Low levels of baseline resistance increase the risk of virological failure for patients starting first-line antiretroviral therapy based on a non-nucleoside reverse transcriptase inhibitor (NNRTI), US investigators report in the April 6th edition of the Journal of the American Medical Association.
Resistant virus that constituted just 0.5% of the total viral population was associated with a failure to suppress viral load during HIV treatment. The investigators believe that their findings have clinical significance and “provide a rationale for developing standardized clinical assays for the detection of NNRTI-resistant minority variations.”
Between 8% and 16% of new HIV infections in North America and the US involve virus that has major resistance to at least one antiretroviral drug. Resistance can mean that HIV therapy does not suppress viral load and guidelines therefore recommend that all patients should have a resistance test soon after their diagnosis and again before they start antiretroviral therapy.
However, the genotypic assays used to test for resistance in routine care can only detect resistance when it constitutes at least 15% to 25% of the total viral population.
There is conflicting information on the impact of low levels of resistance on responses to HIV therapy among patients who start treatment with an NNRTI-based regimen.
Because of this uncertainly a research team leas by Dr Jonathan Li of Harvard Medical School conducted a systematic review of studies that included patients initiating NNRTI-based therapy and who also had tests capable of detecting low levels of resistance to NRTIs and NNRTIs.
A total of ten studies involving 985 patients met the researchers’ inclusion criteria.
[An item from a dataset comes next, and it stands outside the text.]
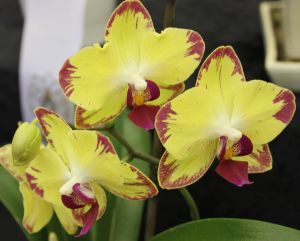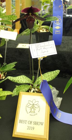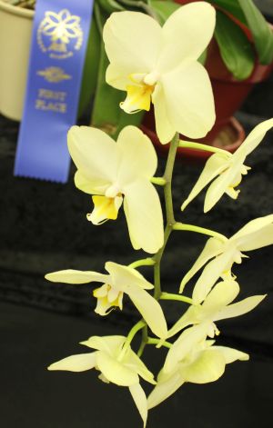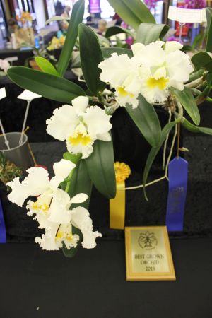 American Orchid Society(AOS) judges in teams with SOS members and interested community members selected the best plants of each Alliance. Ribbon winners were selected for each class in the Alliance: First(blue), second(red), and third(white). The best plants of each Alliance was awarded a yellow rossette. The best plant of the show and the best grown plant received a brass plaque. Very exceptional plants may receive a further AOS award such as the Award of Merit (AM). |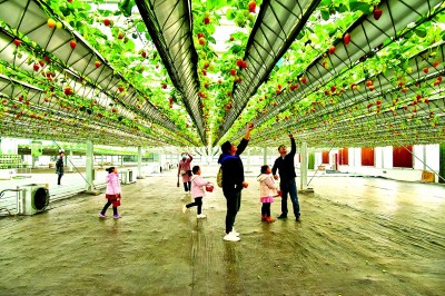 ①游客正在采摘长丰“空中”草莓。张忠建摄/光明图片

Of these, six were cohort studies, three were case-controlled studies, and one was a case-controlled cohort studies.
The overwhelming majority of patients were men (83%), their mean age was 38, and average baseline CD4 cell count and viral load were 229 cells/mm3 and 5.0 log10 copies/ml respectively.
Resistance tests used in the studies were capable of detecting minority resistance populations of between 0.003% and 2%.
Low-level resistance was found in 187 patients, including 117 of the 808 individuals (14%) enrolled in cohort studies.
There was no difference in the baseline viral load of patients with or without very low levels of resistance. However, minority resistance levels were associated with significantly lower CD4 cell counts (208 vs. 234 cells/mm3, p = 0.03).
The presence of any minority NRTI- or NNRTI- resistant population was associated with a more than doubling in the risk of virological failure (hazard ratio [HR] = 2.6; 95% CI, 1.9-3.5; p < 0.001). The investigators emphasise that this increase in risk was comparable to that associated with sub-optimal adherence.
In the cohort studies, HIV therapy failed to control viral load in 35% of patients with minority resistance compared to 15% of individuals with no resistance.
The increased risk of virologic failure was most strongly associated with minority populations of virus with resistance to NNRTIs (HR = 2.6; 95% CI, 1.9-3.5, p < 0.001). The association between minority populations of NRTI resistant virus and virologic failure was not significant.
In patients with low levels of resistance to NNRTIs, the failure rate for treatment was 37% compared to 15% for individuals with no resistance (HR = 3.8; 95% CI, 2.4-6.1, p < 0.001).
Even for patients with adherence levels of the target 95% or above, the presence of low levels of resistance significantly increased the risk of treatment failure (HR = 3.1; 95% CI, 1.9-5.0, p < 0.001).
Individuals who had suboptimal adherence and minority resistance populations had an especially high risk of virological failure (HR, 10.6; 95% CI, 6.9-16.4, p < 0.001).
Resistance populations as low as 0.5% were associated with a significantly increased risk of viral load remaining detectable or rebounding (p = 0.01). However, the greater the resistance population, the higher the risk of treatment failure.
Statistical analysis showed that the presence of drug resistant minority populations (p < 0.001), suboptimal adherence (p < 0.001), and non-white race (p < 0.001) were all associated with the virological failure of antiretroviral therapy.
“The relationship between race/ethnicity and virologic failure may be mediated by factors such as socioeconomic status, drug and alcohol use, or other factors not accounted for here that may correlate with adherence,” comment the investigators.
“The findings of this pooled analysis demonstrate that low-frequency HIV-1 drug resistance mutations, and NNRTI resistance mutations in particular, confer a greater than 2-fold risk of virologic failure in treatment-naïve individuals initiating a first-line NNRTI-containing ART regimen”, conclude the investigators.
They add, “the clinical use of ultrasensitive screening for drug-resistant HIV could help identify individuals at greatest risk of virologic failure and allow ART to be tailored appropriately.”
Li JZ et al. Low-frequency HIV-1 drug resistant mutations and the risk of NNRTI-based antiretroviral treatment failure: a systematic review and pooled analysis. JAMA 305: 1327-35, 2011.